Now for the usability claim. The TFS is the runtime's only "connection" with the outside world - if it connects with the TFS, it can do its job. Connection is established through the most pervasive mechanism ever known - TCP/IP. If the TFS is visible, the runtime can connect to it. There is no more shared disk drives or TRUENAME for identifying files, no lock manager, DBDPATH, DBFPATH, DBTAF, ... (ugh, what were we thinking at the time?).

So, a TFS running on a computer does not need to share any files or drives in order for other runtimes to use the databases within the TFS domain. Runtimes may be on the same computer as the TFS, another computer on its LAN, or somewhere else on Internet. The only difference will be performance, not whether it works or not.

This brings up an unintended benefit of this architecture - not only can multiple cores on one computer allow the TFS and runtimes to scale up together, but other computers can be added to the mix. Multiple cores plus multiple computers all working together in parallel. Not only that, but one runtime can access databases from multiple TFS's. Not only that, but one runtime can view databases scattered throughout the world in different TFS's as though they are one unified database.

The separation of database semantics and operations (the runtime) from the TFS (safe, transactional updating of files) lets the pieces fit where they need to fit, and to be combined in an indefinite number of ways, depending on the need.

Usability now means more than "easier to use," it means usable in ways never considered before.

Wednesday, February 17, 2010

Multi-core Aware Software Architecture

Almost every major software system in use today was initially created prior to the advent of multi-core computers.
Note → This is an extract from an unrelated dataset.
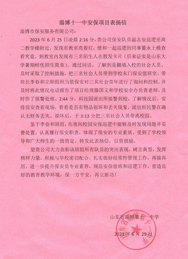 6月29日市保安公司駐淄博市第十一中學(xué)崗點(diǎn)收到學(xué)校送來的一封感謝信。信中對保安隊(duì)員溫志安、董永以及班長李春和項(xiàng)目負(fù)責(zé)人滕國義提出表揚(yáng)。6月25日凌晨2時16分,派駐淄博第十一中學(xué)保安隊(duì)員溫志安、董永巡邏至高二教學(xué)樓附近發(fā)現(xiàn)有三名陌生人在散發(fā)卡片(后來證實(shí)是山東大學(xué)暑期培優(yōu)招生簡章)。通過問話,了解到是翻墻入校的社會人員,及時采取了控制措施,班長李春和及時將此情況電話報告了項(xiàng)目負(fù)責(zé)人滕國義和學(xué)校安全辦負(fù)責(zé)老師,并及時作了報警處理。2時44分,科技園派出所接警到校,了解情況后,確認(rèn)無財物丟失、損壞后,于3時13分把三名社會人員帶離校園。為表彰先進(jìn)、弘揚(yáng)正氣,在保安隊(duì)伍中積極營造干事創(chuàng)業(yè)、爭先創(chuàng)優(yōu)的良好氛圍,7月11日上午,對以上四名同志作出相對應(yīng)的現(xiàn)金獎勵,十一中校領(lǐng)導(dǎo)和公司項(xiàng)目負(fù)責(zé)人召開專題會議共同為隊(duì)員進(jìn)行了表彰。“平凡崗位,點(diǎn)滴熱忱”李春和班組,在夜間校園安保巡邏中能夠及時發(fā)現(xiàn)問題并妥善處置,認(rèn)真履行保安職責(zé),不僅體現(xiàn)了市保安公司保安隊(duì)員的專業(yè)素質(zhì),而且為其他保安隊(duì)員樹立了學(xué)習(xí)的榜樣。

Multi-processor computers have existed for a while, but not for the common computer, and very few software systems were adapted to take full advantage of them.

So what's the problem? Why can't you throw more hardware at it and expect it to run faster? The issue is almost always characterized as "shared resources." A shared resource is anything that one task, or thread must use without worrying about another task changing it while it is being used. Concepts of synchronization, locking, mutual exclusion or "critical sections" were developed to deal with the issue of safe sharing of common resources.
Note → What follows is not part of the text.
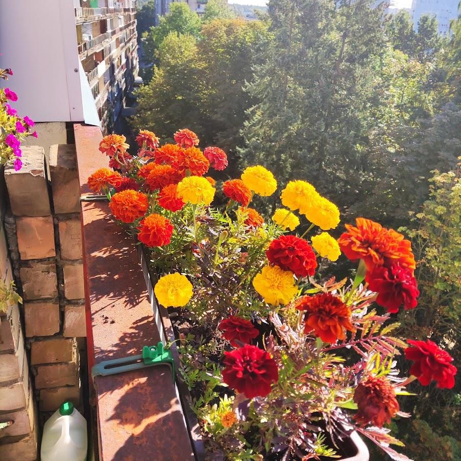 Ну и бархатцы-молодцы, тоже цветут вовсю.

The traditional mechanisms for creating safe sharing among tasks are called semaphores or queues or events. Used correctly, the programming primitives allow everything from the incrementing of a shared number to a complete database transaction to be done without the corruption that would occur if tasks were not properly sequenced, or "serialized."

In the single-CPU age, multi-processing or multi-threading existed to create the illusion of multiple tasks happening concurrently. When synchronization primitives prevented one task from making progress, no problem, because the single CPU would switch to another task that was not blocked. Software systems with shared resources were not degraded too much from synchronization if there was always something for the CPU to do.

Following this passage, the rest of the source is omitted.